Drake sued UMG back in January 2025 after Kendrick Lamar dropped “Not Like Us” in May 2024, the knockout punch in their brutal rap battle that called him a “certified pedophile.”

A federal judge dismissed the entire case in October, ruling that reasonable listeners understand rap insults aren’t statements of fact.

Drake appealed that dismissal in January, claiming millions of people actually believed the lyric and suffered real reputational damage. UMG’s lawyers basically said that the argument is nonsense.

“That is not the law, and Drake’s view would critically undermine a highly creative art form built on exaggeration, insult, and wordplay,” UMG wrote in their response brief according to Billboard.

The label pointed out that Drake himself had thrown equally vicious accusations at Kendrick, claiming he beat his fiancée and didn’t father one of his kids.

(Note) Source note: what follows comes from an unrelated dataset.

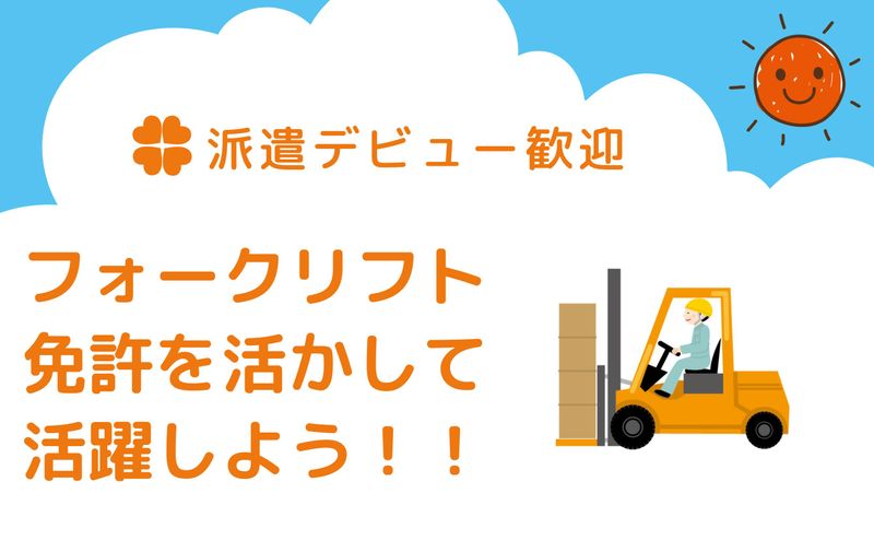 求めている人材 【必須】 ◆要フォークリフト免許 (経験は半年程度あればOK!) ◆カウンターリフト経験あれば尚可 ◆30代~50代の男女スタッフ活躍中 ◆今までは正社員やバイトだったけど 派遣で働いてみたい!という方も 大歓迎です◎ ◆ブランクOK ◆Uターン・Iターン歓迎 ◆学歴不問 ◆経験者歓迎

That’s the entire genre. That’s how rap works. You don’t get to suddenly pretend it’s literal when you’re the one losing the battle.

The legal team emphasized that “‘Not Like Us’ falls within a genre typified by inflammatory putdowns, epithets, vulgarity, and hyperbole.”

Ripping words out of context and pretending they’re defamatory statements has zero legal foundation. Judge Jeannette Vargas already established that hyperbolic opinions in rap can’t be defamatory because no reasonable person would take them as provable facts.